Sensitivity is a very powerful ally. Awareness of sensitivity is also very powerful and necessary in order to gain the full respect for this topic. That awareness is sometimes natural but usually it takes years of experience to develop the knowledge and awareness of sensitivity.
The average person rarely gains the understanding of this sensitivity to a level where they recognize the benefits of the power of “soft.”
One of my personal “languages” is touch. If you’ve never read the book about the five love languages then I’d suggest you do that sometime to garner a better understanding of what I am referring to here but let it be understood that the power of soft goes way beyond just touch or feel.
I once heard or read a statement that made an impression on me. Actually, I often hear or read quotes or statements that have an effect on my understanding of things or bring to light things that I wish I had had earlier in my life. The statement I am referring to in this case is: “The louder you speak, the less I hear.” It is interesting and quite true that the reverse is often true. “The softer you speak, the more I hear.”
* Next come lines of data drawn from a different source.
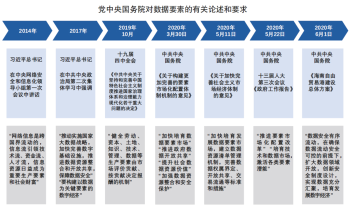 党的十九届四中全会首次将数据作为生产要素写入中央文件。今年上半年,中共中央国务院相继发布《关于构建更加完善的要素市场化配置体制机制的意见》及《关于新时代加快完善社会主义市场经济体制的意见》,其中均提出了加快培育数据要素市场的具体意见。近年来,我国数字经济发展迅速,中国信息通信产业研究院发布的《中国数字经济发展与就业白皮书(2019年)》显示,2018年总量达31.3万亿元,占GDP比重超过三分之一,对GDP增长的贡献率则超过三分之二。新冠肺炎疫情暴发以来,信息技术在保障“非接触式”生产生活、提升需求供给匹配效率、增强社会服务与管理等方面更是发挥了巨大作用。数据作为数字经济和信息技术时代的“石油”,其重要性日益凸显。金融业作为数据密集型行业,在数据要素新时代将主要承担两大任务:一是树立行业示范,既推动金融业实现高质量发展,又为国家探索数据要素化路径提供最佳实践经验;二是为国家建设全新的数据要素市场提供全方位的、开创性的金融支持服务。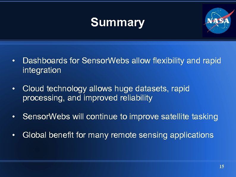Summary • Dashboards for Sensor. Webs allow flexibility and rapid integration • Cloud technology allows huge datasets, rapid processing, and improved reliability • Sensor. Webs will continue to improve satellite tasking • Global benefit for many remote sensing applications 15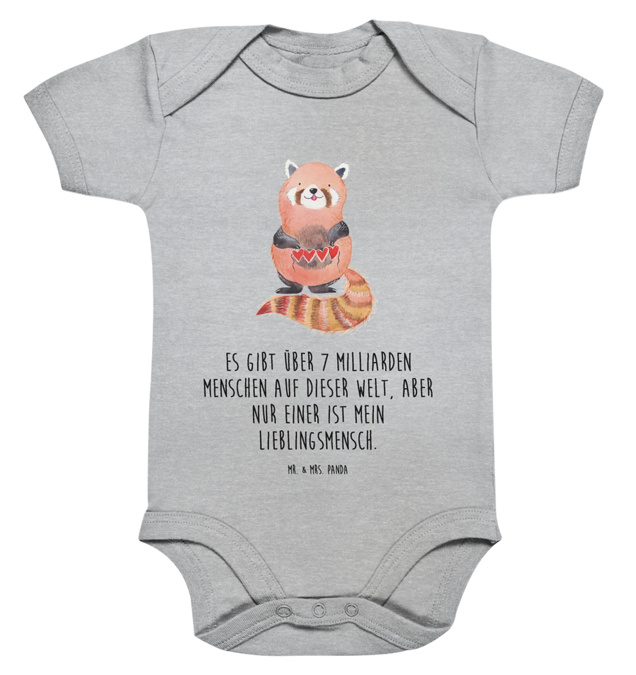 Organic Baby Body Roter Panda - 1. - 3. Monat - mit Spruch - Heather Grey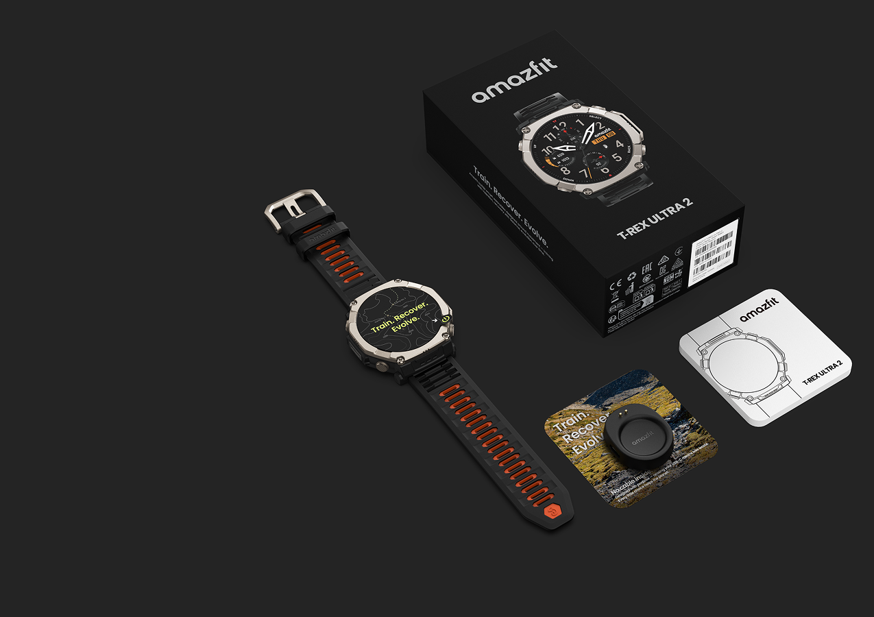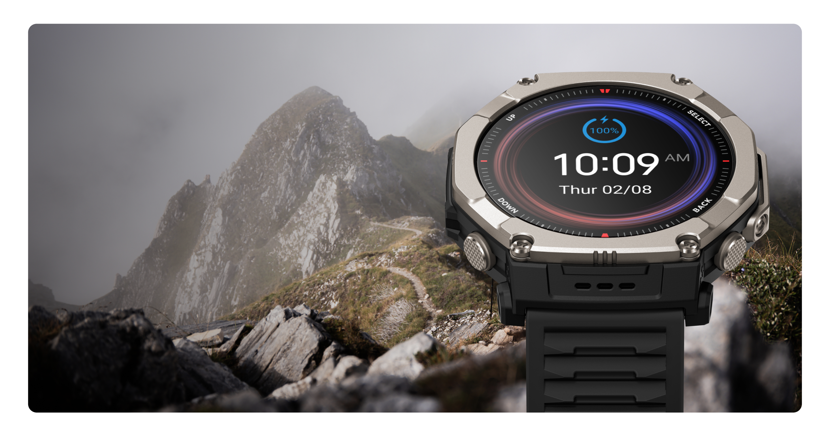 8. 根據 ISO 22810:2010 標準,Amazfit T-Rex Ultra 2 達 10 ATM 防水等級(100 米)。適用於日常潑水、下雪、淋浴、游泳及部分高速水上運動。通過 SGS 第三方測試(報告號 SHES250901797771)。避免於高溫蒸氣環境佩戴。游泳時請使用矽膠或氟橡膠錶帶。若接觸沐浴用品,請以清水沖洗並浸泡 30 分鐘。詳情請參閱 support.amazfit.com。

Attention to a whisper is much greater than someone screaming. Oh yes, you hear the scream, but do you or did you understand what was said? There was a commercial quite a while back that said “when ______ speaks, people listen.” It had to do with some stock company but the message had a much deeper meaning than the commercial.
There is much to be said for softness. I bought a “throw” for my mom for Christmas once that she still uses and even comments about often. Other people that have touched that throw have also made comments on how soft it is. It is VERY soft and is also very warm. She uses it every winter and tells me each winter how warm and soft and comfortable it is. I have had the pleasure of giving other gifts to her that have been of use over and over but this one seems to keep coming up as one of the best. Not very expensive in price (and I sent other gifts with it) but this very soft blanket/throw has given her much more enjoyment than most of the things I have bought her. It made such an impression because it was/is so soft.
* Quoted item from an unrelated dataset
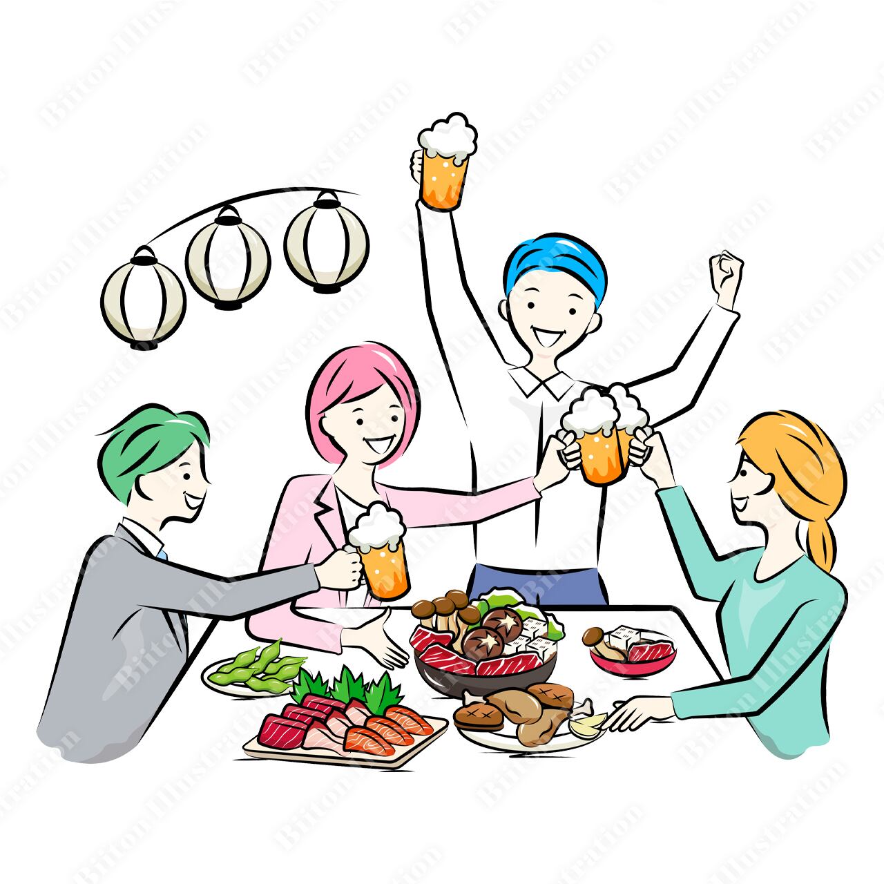 Adobe illustratorで描いた商用フリーのイラスト素材。会社の同僚達と飲み会で盛り上がるビジネスパーソン|ビジネスシーン。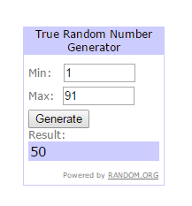 We are up to 91 entries. How about that! And Mr. Random Number Generator likes 50.

A soft caress is much more effective at soothing tension. A very gentle touch can stir powerful emotions and generate extreme sensations. The song “Slow Hand” has words that tell a very powerful story of what the writer was more interested in. A “slow hand,” an “easy touch,” “not come and go in a heated rush.” Many a man would benefit from listening more deeply to these words.
As an aside to all of this, I love music. Loud music is very much appreciated at times but I get much more meaning from the softer music. It is VERY important to listen to the words as well (if any are included). The writers are expressing what they feel, what they’ve experienced, what they’ve learned, or what they think they know. No, they are not always right in their philosophy (very seldom are) but that is why you should listen. Make sure that you agree with what is being said or felt. Don’t just play songs to take up space in your brain. Play things that have deep meaning and are of value. Both from the standpoint of the words and the music. “You are what you eat” does not only apply to food. It applies to what you read, listen to, see, write, everything that goes into your brain.
Soft is powerful. It is more powerful than strong or hard. A soft word spoken will produce more love than any hard or strong or harsh word ever has. A soft touch will enhance, empower, enlighten, and inspire.
Use the power of soft. Experience it’s power.